Systematic troubleshooting approach:
Antibody concentration: Titrate to find optimal concentration
Antigen accessibility: Test different sample preparation methods
For Western blotting: Vary lysis buffers, denaturation conditions
For immunohistochemistry: Test different fixation and antigen retrieval methods
Detection system sensitivity: Try signal amplification methods
Blocking optimization: Test different blocking reagents (BSA, normal serum, commercial blockers)
Incubation conditions: Extend incubation time or try different temperatures
Sample quality assessment: Verify protein integrity and expression levels
These troubleshooting steps follow established protocols for optimizing antibody performance across various applications, similar to approaches used with validated antibodies like those described in the search results .
For accurate quantification:
Western blot densitometry:
Use dynamic range determination experiments
Apply appropriate normalization strategies
Perform technical replicates
Flow cytometry quantification:
Use appropriate gating strategies
Apply fluorescence minus one (FMO) controls
Calculate mean/median fluorescence intensity
Immunofluorescence intensity measurement:
Use consistent exposure settings
Apply background subtraction
Analyze sufficient cell numbers for statistical validity
These quantification approaches build on established methodologies used with research antibodies across various applications, as demonstrated in flow cytometry applications described for other research antibodies .

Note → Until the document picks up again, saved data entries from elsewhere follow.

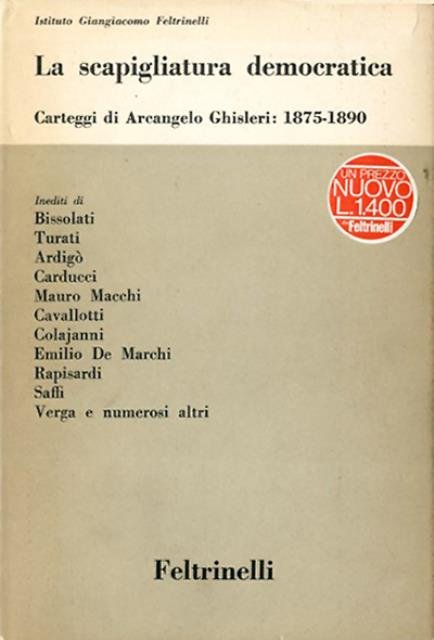 279 p., [2] p. di tav. : ill. ; 23 x 15 cm. Testi e documenti di storia moderna e contemporanea / Istituto Giangiacomo Feltrinelli, 4. Una selezionata e interessantissima raccolta di lettere scritte dai principali intellettuali, da Bissolati a Turati, da Ardigò a Carducci, da Mauro Macchi a Cavallotti, indirizzate ad Arcangelo Ghisleri ci restituiscono a tutto tondo il clima culturale e politico dell'Italia di fine secolo decimonono. A cura di Pier Carlo Masini. Legatura editoriale, coperta in cartone rigido telato di colore grigio scuro, titolo impresso in nero al piatto e al dorso. Sovraccoperta in carta colorata. All'interno due pagine di tavole fuori testo illustrate in b/n su carta patinata lucida. Qualche lievissimo segno del tempo ai profili della sovraccoperta, per il resto esemplare integro. Codice libreria 8657.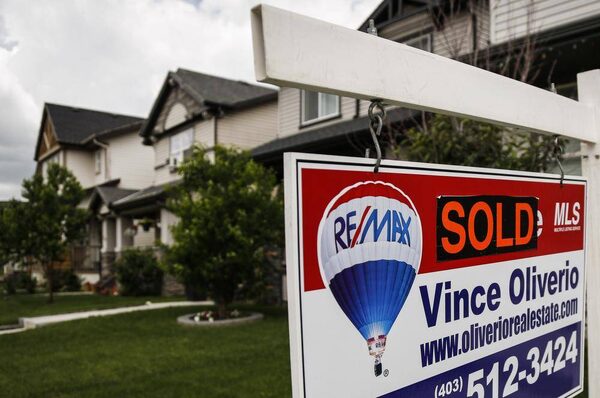 A real estate sign hangs in front of a Calgary, Alta., home in June.Jeff McIntosh/The Globe and Mail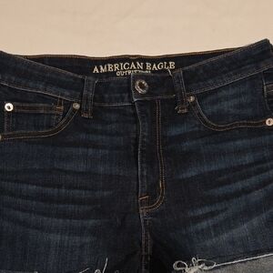 American Eagle Outfitters Women's Distressed Dark Blue Jean Shorts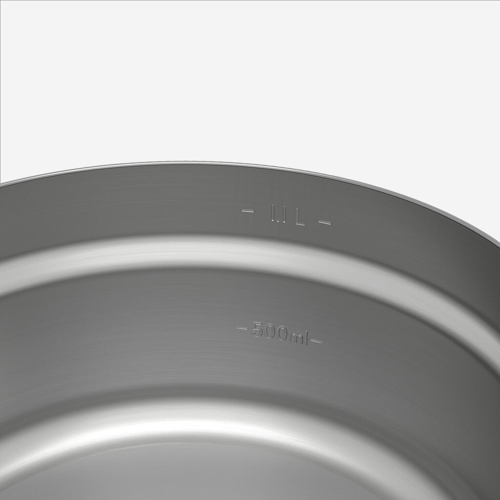 1 casserole graduée avec 1 poignée repliable brevetée. (1,1 L utile, 1,3 L total, 242 g, Ø 17 cm x 8,5 cm)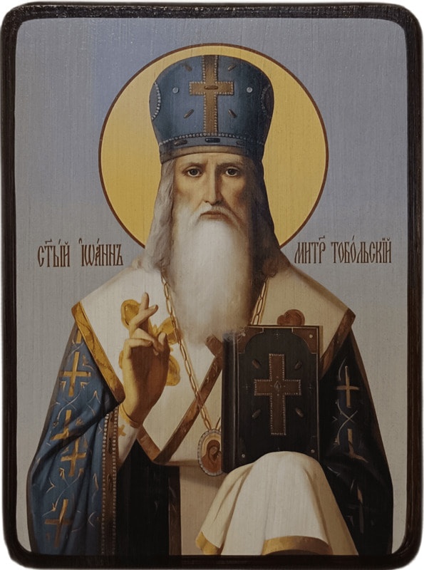 Святитель Иоанн (Максимович Иван Максимович) родился в декабре 1651 году в городе Нежин и происходил из знатного дворянского рода. В 1668 году окончил Киевскую духовную академию и был оставлен при ней наставником. В 1676 году Иоанн стал иноком Киево-Печерской Лавры и вскоре был возведён в сан иеромонаха. В 1684 году был назначен управляющим Свенским монастырем близ Брянска. В 1695 году он был возведен в сан архимандрита и назначен управляющим Черниговским Елецким (Успенским) монастырем. 10 января 1697 года архимандрит Иоанн получил сан архиепископа. Владыка Иоанн был возведен в сан митрополита Тобольского и всея Сибири в начале 1711 года. Митрополит Иоанн вел скромную и тихую жизнь, подвизаясь в пламенной молитве к Богу, тайно обходил дома нуждавшихся, творя благостыню. Скончался святитель Иоанн 11 июля 1715 года.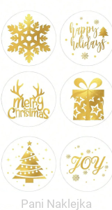 Złote świąteczne naklejki 100 szt bezbarwna folia 22 mm na prezenty kartki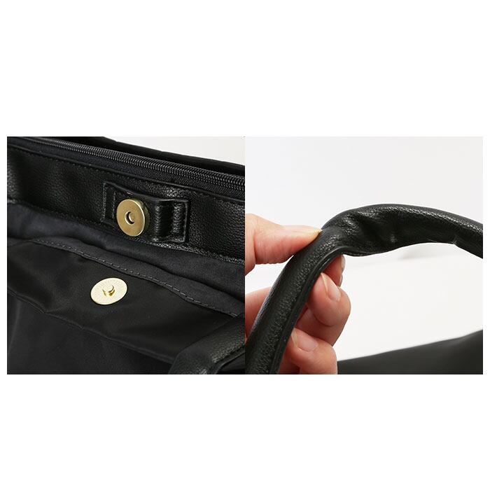 ・持ち手ハンドルには柔らかな合皮素材にクッション素材を縫い込んであるため、肩に負担を感じにくい優しい仕上がり。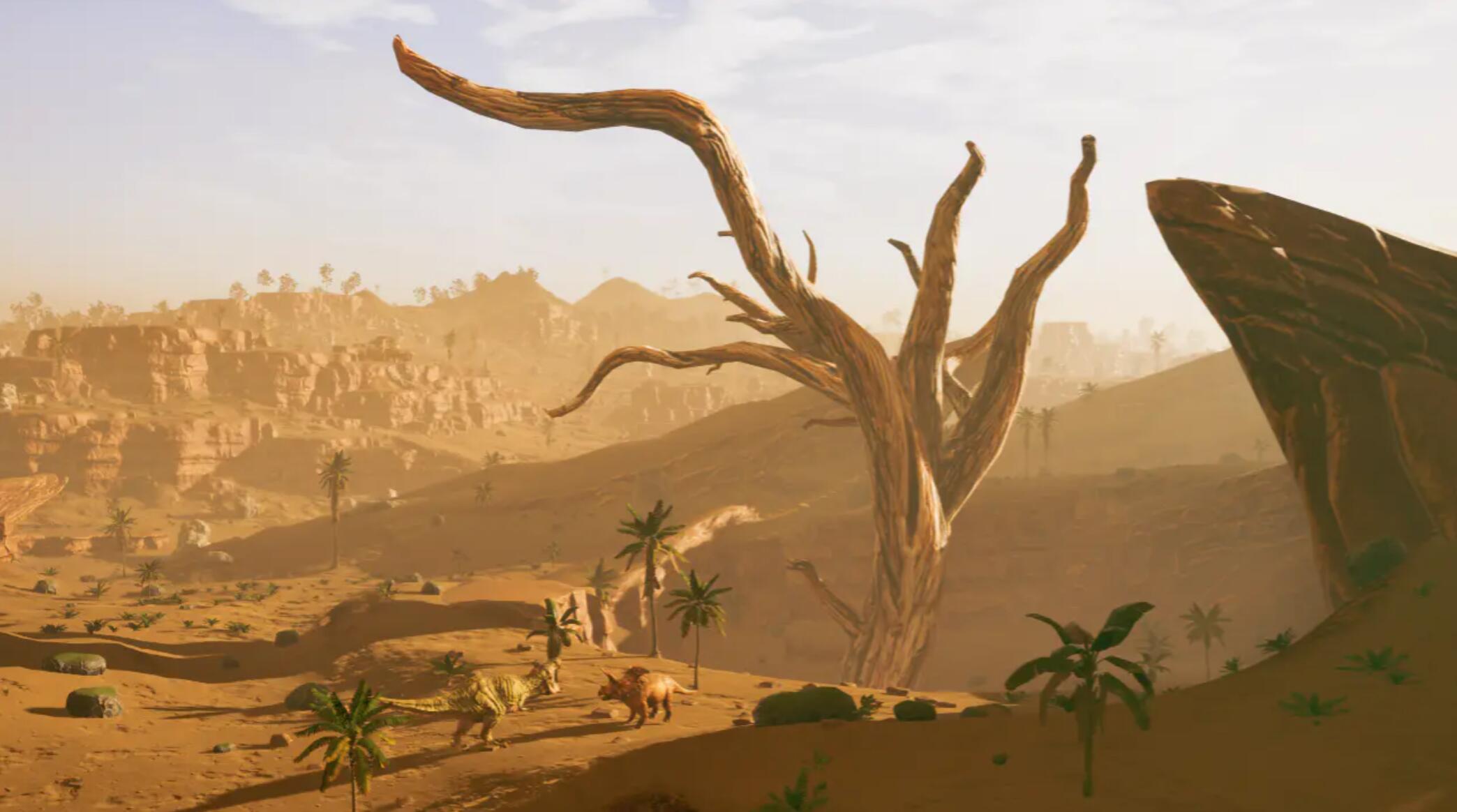 《龙岛异兽起源》是一款以侏罗纪时期为世界观背景的拟真向开放世界生存冒险游戏。玩家将摒弃传统人类视角,首次以恐龙本体身份进入原始大陆,在第一人称沉浸式环境中直面严酷的自然法则——从初生幼体的脆弱挣扎,到逐步掌握体温调节、饥饿管理、领地争夺与种群协作等核心生存机制,完成由弱至强的生态位跃迁。

Optimizing for super-resolution imaging:
Antibody labeling strategies:
Direct conjugation with photoswitchable fluorophores
Use of smaller detection probes (Fab fragments, nanobodies)
Site-specific labeling for optimal fluorophore positioning
Sample preparation considerations:
Specialized fixation protocols to preserve ultrastructure
Careful choice of mounting media to support photoswitching
Thinner sections for improved signal-to-noise ratio
Validation approaches:
Compare conventional and super-resolution images
Correlate with electron microscopy where possible
Use reference structures with known dimensions
These approaches incorporate advanced imaging principles that would be applicable to high-resolution visualization of SPAC2H10.04, similar to methodologies that might be applied to other cellular proteins studied with immunofluorescence techniques .

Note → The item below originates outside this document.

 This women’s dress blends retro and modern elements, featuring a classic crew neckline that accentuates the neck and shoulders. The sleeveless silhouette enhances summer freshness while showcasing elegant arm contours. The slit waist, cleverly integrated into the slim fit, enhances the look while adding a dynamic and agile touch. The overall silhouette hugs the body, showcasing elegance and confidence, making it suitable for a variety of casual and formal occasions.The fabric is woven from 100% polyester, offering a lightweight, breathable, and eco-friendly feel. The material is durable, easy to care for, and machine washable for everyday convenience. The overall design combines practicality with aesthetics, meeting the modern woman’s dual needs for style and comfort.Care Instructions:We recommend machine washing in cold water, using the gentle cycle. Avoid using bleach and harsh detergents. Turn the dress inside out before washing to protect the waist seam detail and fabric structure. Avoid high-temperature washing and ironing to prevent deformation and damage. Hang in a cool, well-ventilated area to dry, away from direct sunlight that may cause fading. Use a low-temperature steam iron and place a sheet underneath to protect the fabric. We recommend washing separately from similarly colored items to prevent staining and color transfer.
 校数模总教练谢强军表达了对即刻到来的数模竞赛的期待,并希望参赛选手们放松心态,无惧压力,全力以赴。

For studying dynamic protein behavior:
Live-cell imaging approaches:
Membrane-permeable antibody fragments
Intrabody expression systems
Alternative labeling strategies (SNAP/CLIP tags combined with immunodetection)

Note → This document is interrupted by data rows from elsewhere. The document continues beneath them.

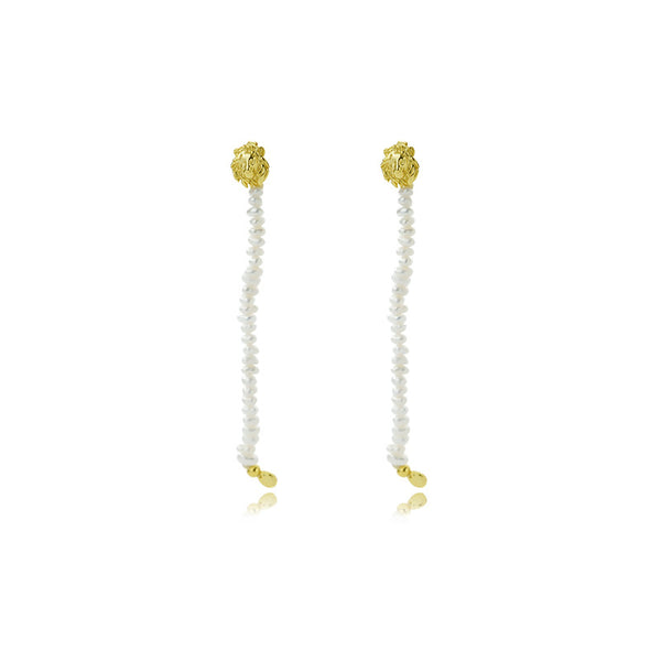 Vintage Lion Long Rice Pearl Dangle Stud Earring |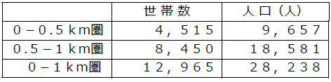 ・店舗から1km圏内は単身世帯比率が39.9%、2人世帯比率は25.5%と全体の7割が少人数世帯です。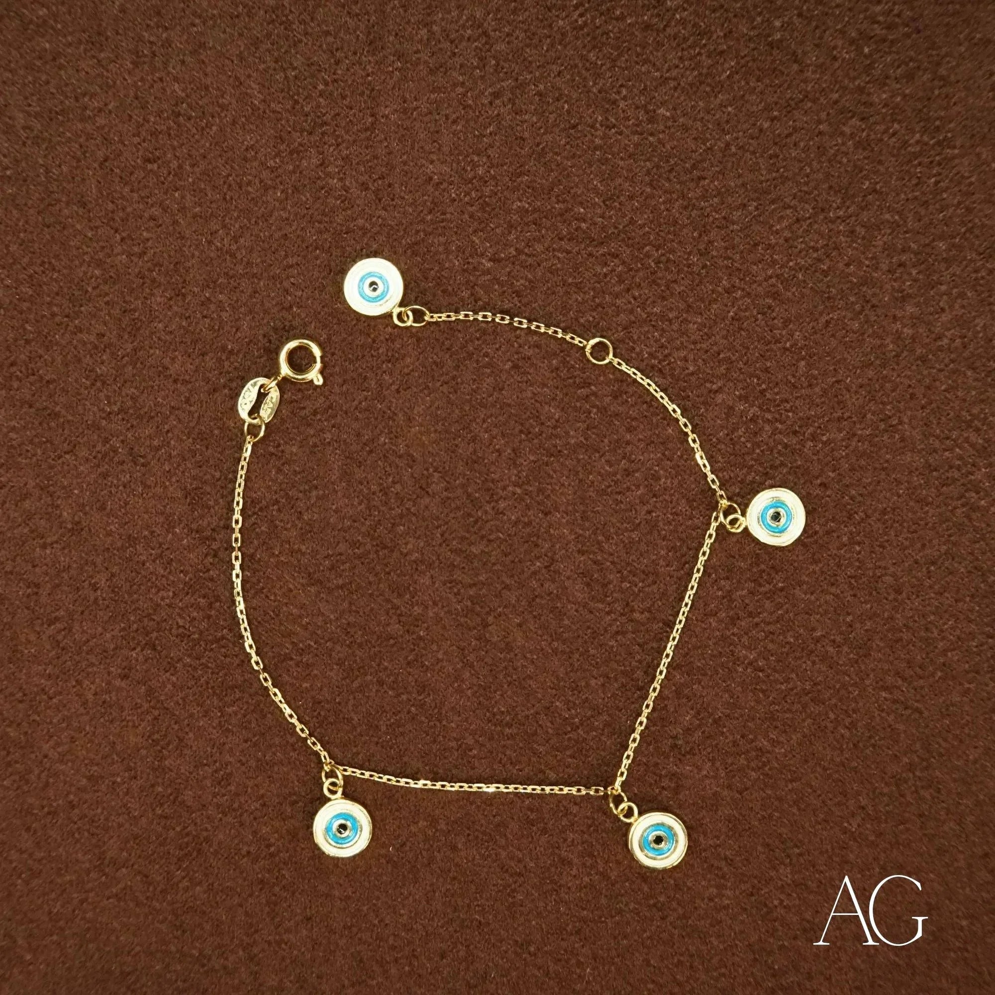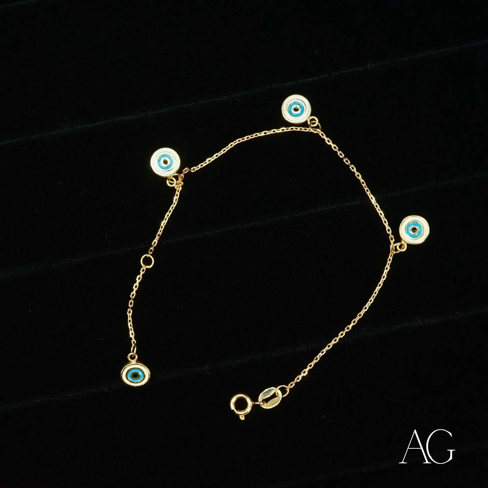 Elegance and Protection for Every Occasion: This 18k Gold Evil Eye Bracelet effortlessly blends practicality and timeless style, making it a perfect accessory for everyday wear. Its subtle yet significant charm adds a layer of unseen protection, accompanying your little one through daily discoveries and special milestones. This bracelet is more than just jewelry; it's a symbol of your love, a wish for their well-being, and a beautiful piece of art gold they'll treasure.

Pulse-chase immunoprecipitation:
Metabolic labeling combined with antibody pulldown
Sequential immunoprecipitation at different timepoints
Quantitative mass spectrometry analysis of precipitated complexes
Temporal analysis in fixed samples:
Synchronized cell populations
Precisely timed fixation series
Quantitative analysis of signal intensity and localization
These methodologies build on established principles for studying protein dynamics in cellular systems, adapting antibody-based approaches to capture temporal changes in protein expression, localization, and modification .
Integrating antibody-based data with multi-omics:
Immunoprecipitation-mass spectrometry (IP-MS):
Use SPAC2H10.04 antibody to isolate protein complexes
Identify interaction partners through mass spectrometry
Correlate with transcriptomic data on co-expressed genes
Chromatin immunoprecipitation sequencing (ChIP-seq):
Map genomic binding sites of SPAC2H10.04 if it's a DNA-binding protein
Integrate with RNA-seq data to correlate binding with expression
Compare with epigenomic datasets
Spatial proteomics:
Use SPAC2H10.04 antibody in multiplexed imaging
Correlate with spatial transcriptomics data
Develop computational workflows to integrate spatial datasets
These integrative approaches represent advanced applications of antibody-based techniques in systems biology research, following similar principles to those that would be applied with other research antibodies in multi-omics studies .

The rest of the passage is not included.